*** STORED DATA

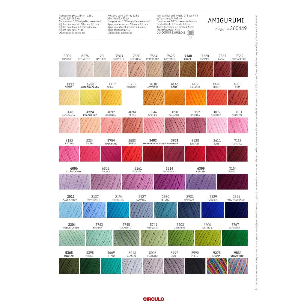 Fio Amigurumi Círculo 100% Algodão 254m PROMOÇÃO - 1ª Cartela Cores
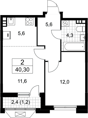 2-комнатная квартира № 520, 39.10 м2 без отделки 4 эт.
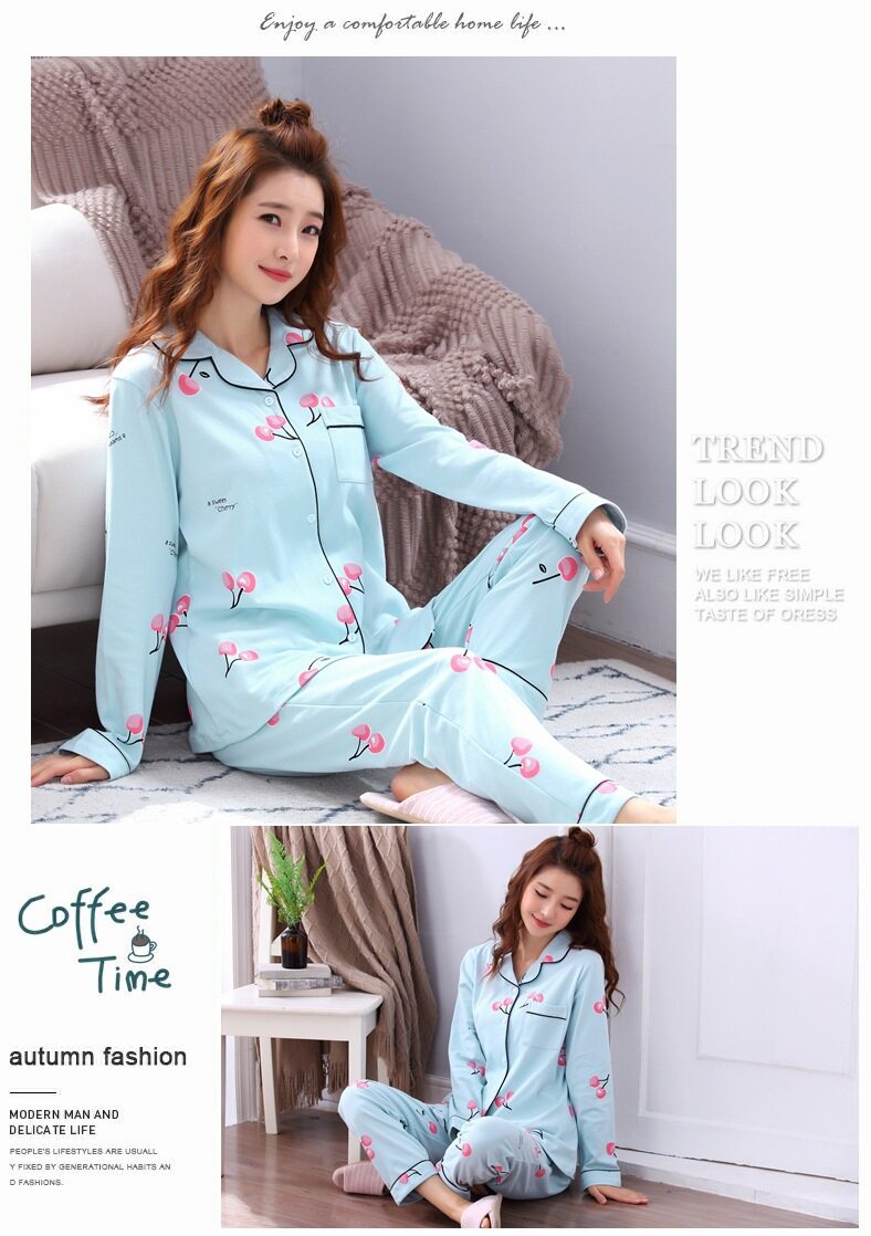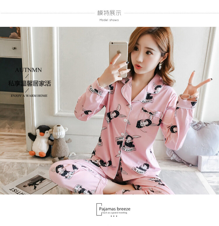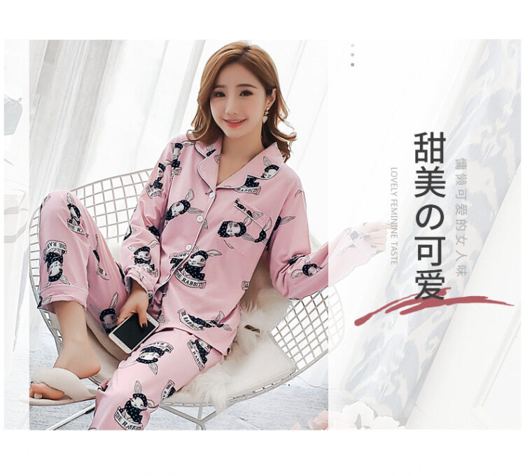 Women Autumn Long Sleeve Ice Silk Set Pyjamas Sleepwear Print Nightwear Baju Tidur Wanita B [PJ22156]

******

* TASK DESCRIPTION: Recopy the whole listing above precisely, excluding images.

* YOUR RESPONSE:
 Fio Amigurumi Círculo 100% Algodão 254m PROMOÇÃO - 1ª Cartela Cores
 2-комнатная квартира № 520, 39.10 м2 без отделки 4 эт.
 Women Autumn Long Sleeve Ice Silk Set Pyjamas Sleepwear Print Nightwear Baju Tidur Wanita B [PJ22156]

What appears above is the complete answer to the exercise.